都と話している時、真理の視界の外れに見知った姿が入った。


高田だった。


高田が奥の方からこちらに向かって歩いてくる。

その隣には長い黒髪の女子がいた。


(花沢楓と高田君・・・)


真理は、慌てて二人に背中を向けるようにして、都の前に立ちふさがった。


「都ちゃん! ま、漫画って何読んでるの!?」


「ふふ、真理ちゃんも漫画好きだものね。えーっとね~」


都はカバンを覗き、中を漁り出した。

そして、一冊の漫画本を取出して真理に見せた。

それと同時に、真理の背後を見て、驚いたような顔をした。


「あ、高田君?」


(え・・・?)


真理は都のその言葉に耳を疑った。


「・・・ああ、都ちゃん。
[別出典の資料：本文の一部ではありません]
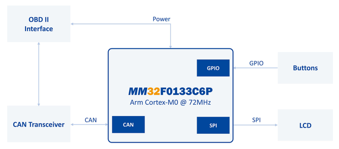 靈動(dòng)微MM32F0130微控制器的OBD診斷儀系統(tǒng)參考方案,以MM32F0133C6P為主控: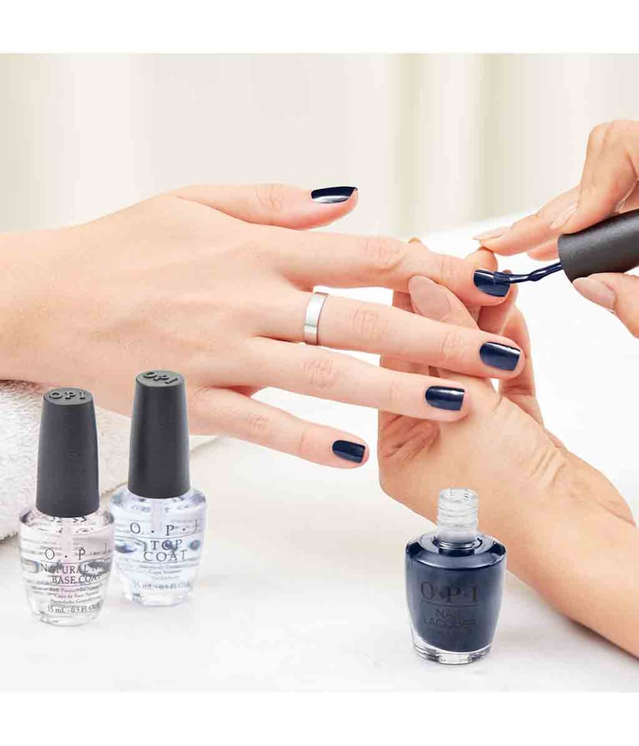Шаг 1: Нанесите натуральное базовое покрытие для ногтей OPI. Улучшает адгезию и предотвращает обесцвечивание.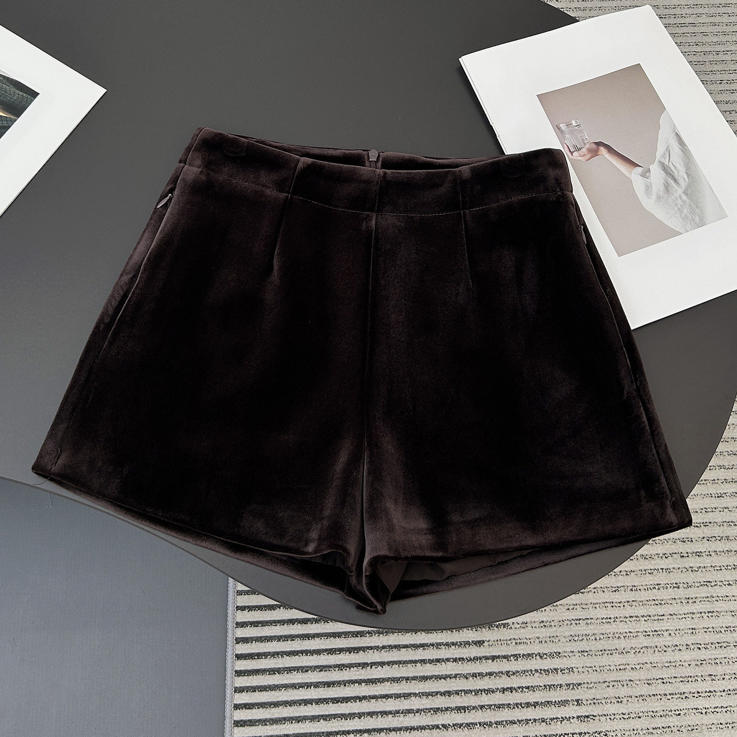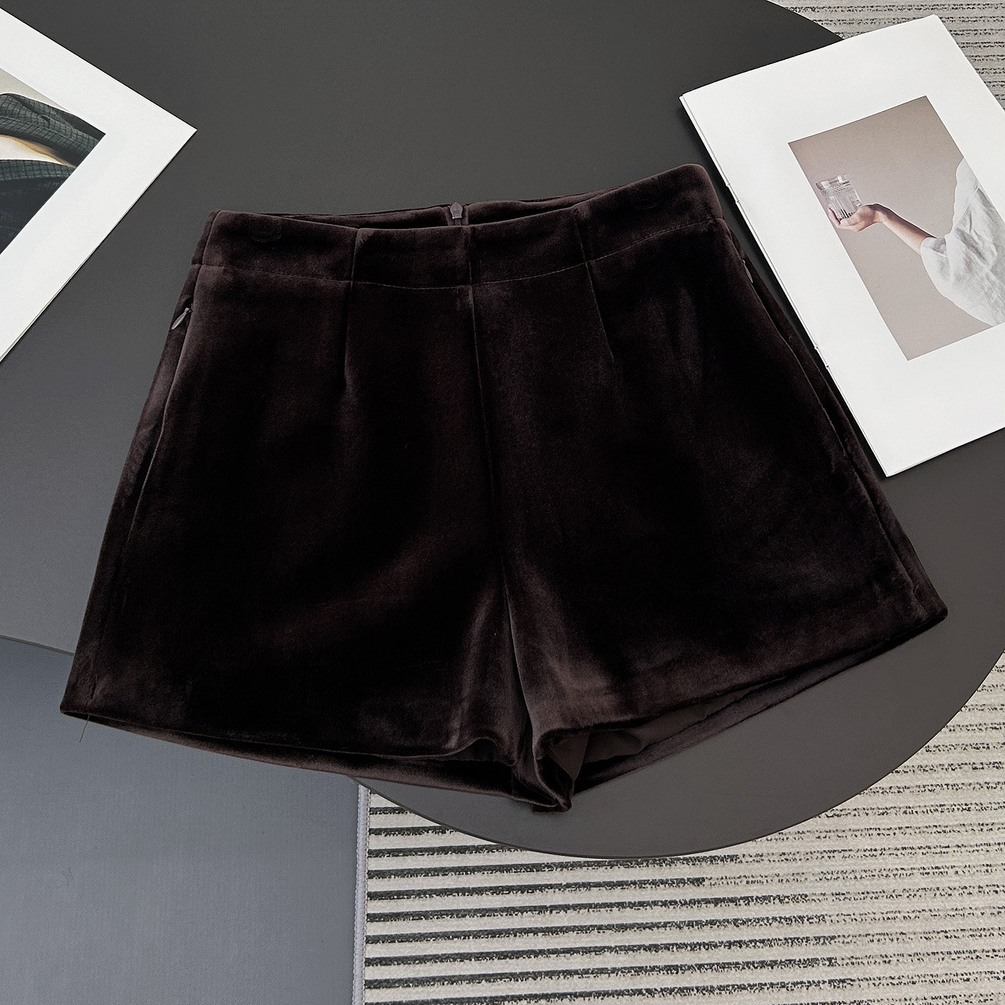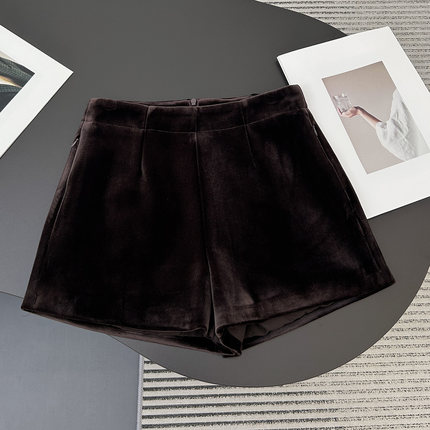 软糯丝绒短裤女秋冬季直筒休闲裤

久しぶり」


真理の背後から高田の声がする。


(嘘・・・、何? 二人知合い・・・?)


「うん、久しぶりね、高田君。最近、図書室に来ないから、全然会わなかったわね」


都はにっこりと高田に笑いかけている。

真理は、そっと振り返りチロリと高田を見た。


「・・・そうだね。図書室に行く用事も無くなったから・・・」


「そうなの? それもそうよね。何も毎日図書室で勉強しなくてもいいものね」


「・・・まあね」


ニコニコと微笑みながら話す都の対し、どこか寂し気に答える高田・・・。


(え・・・、もしかして・・・)


真理がそう疑問を持った時、高田と目が合った。


(やばっ!)


真理は慌てて都の方に振り返り、都が差し出している漫画本を手に取るとパラパラめくりだした。


「・・・じゃあ、また。都ちゃん」


「うん! バイバイ、高田君」


背後で立ち去る足音が聞こえて、真理は再びそっと後ろを振り向いた。

スタスタと歩いていく高田の後を、花沢楓が小走りで追いかけている。


そんな高田の背中は哀愁が漂っていた。


(そ、そうか・・・、高田君の好きな子って・・・)


真理は都を見た。


「真理ちゃんも知っている? この漫画」


都は嬉しそうに真理を見ている。


「・・・うん、知ってる。新巻出てたのね・・・。私も買わなきゃ・・・」


ああ、何という温度差だ。


(哀れ・・・、高田君・・・)


真理はもう一度高田の方を振り返り、去り行く後ろ姿を見つめた。